Sama halnya dengan ketika sesuatu yang ditulis atau yang digantung ini berasal dari lafadz-lafadz dzikir yang disyari’atkan, seperti hadits nabawi atau nama-nama dan sifat-sifat Allah ‘Azza wa Jalla, untuk tujuan mencari berkah dengannya, maka hal ini juga tidak patut dilakukan. Apabila hal ini tidak disyariatkan, maka mencari berkah dengan lafadz-lafadz yang tidak disyari’atkan tentu lebih utama lagi (untuk tidak disyari’atkan dan tidak dilakukan).

6. Meletakkan mushaf di suatu tempat untuk mencari berkah.

Meletakkan mushaf di tempat tertentu untuk mencari berkah dengan al-Qur’an, agar dapat mendatangkan kebaikan dan menolak bahaya, seperti meletakkannya di dalam mobil, pesawat terbang, dan semacamnya, dengan tujuan mencegah kecelakaan atau mengusir setan atau menolak ‘ain (sorotan mata jahat) dan semacamnya, atau meletakkan mushaf tersebut di depan toko untuk mencari berkah dengannya agar dapat mendatangkan rezeki, ataupun di tempat- tempat lainnya adalah perbuatan yang bertentangan dengan petunjuk Rasulullah shallallahu ‘alaihi wasallam, para sahabatnya, dan ulama-ulama salaf setelah mereka.

Perbuatan semacam ini tidak disyariatkan, bahkan hukum perbuatan ini lebih berat lagi, terutama setelah sekarang ini telah tersebar cetakan mushaf yang berukuran sangat kecil sehingga tidak dapat dibaca, atau dengan ukuran yang sangat besar, yang tidak dimaksudkan untuk dibaca, hanya untuk keberkahan.

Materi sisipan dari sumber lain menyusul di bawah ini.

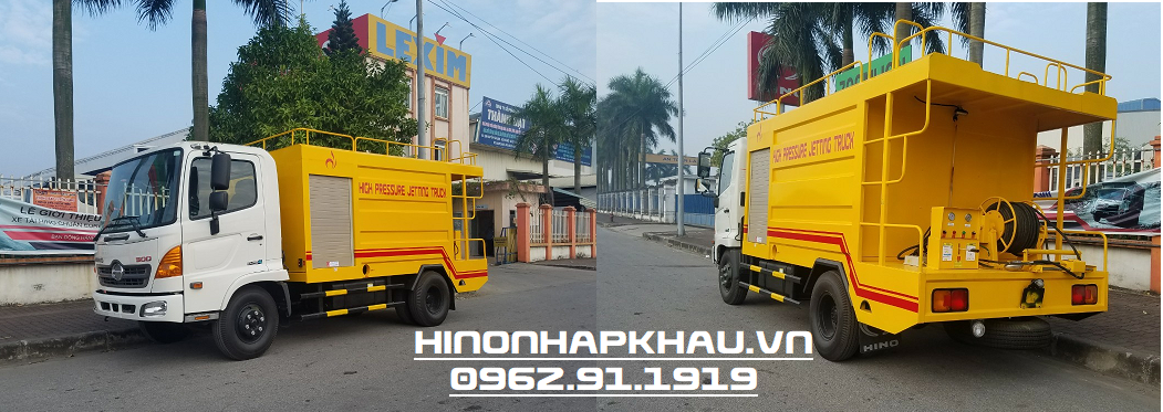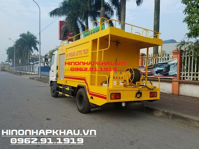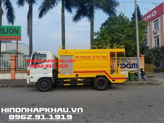 - Khác với dòng xe phun nước rửa đường thông thường, chúng tôi giới thiệu tới Quý khách hàng dòng sản phẩm xe tải Hino FC phun nước áp lực cao 5m3 chuyên dụng ngành môi trường chuyên được sử dụng để thông tắc cống, phá bùn, đầy bùn từ cống ra hố ga ... nhờ thiết kế hệ thống bơm áp lực cao, vòi phun chuyên dụng phù hợp với yêu cầu sử dụng.

Tidak diragukan lagi bahwa hal semacam ini merupakan perbuatan bermain-main (mempermainkan) terhadap Kitabullah.

Jadi, mencari berkah dengan al-Qur’an yang mulia bukanlah dengan cara-cara yang diada-adakan seperti ini, akan tetapi dengan membacanya, merenungkannya, mengamalkan kandungannya, dan mencari penyembuhan dengannya, berdasarkan cara yang telah disyari’atkan. Wallahu a’lam bishawab.

(Redaksi)

Sumber :
Diringkas dari “At-tabarruk, An-Waa’uhu Wa Ahkamuhu”, (edisi bahasa Indonesia), DR. Nashir bin Abdurrahman bin Muhammad Al-Judai.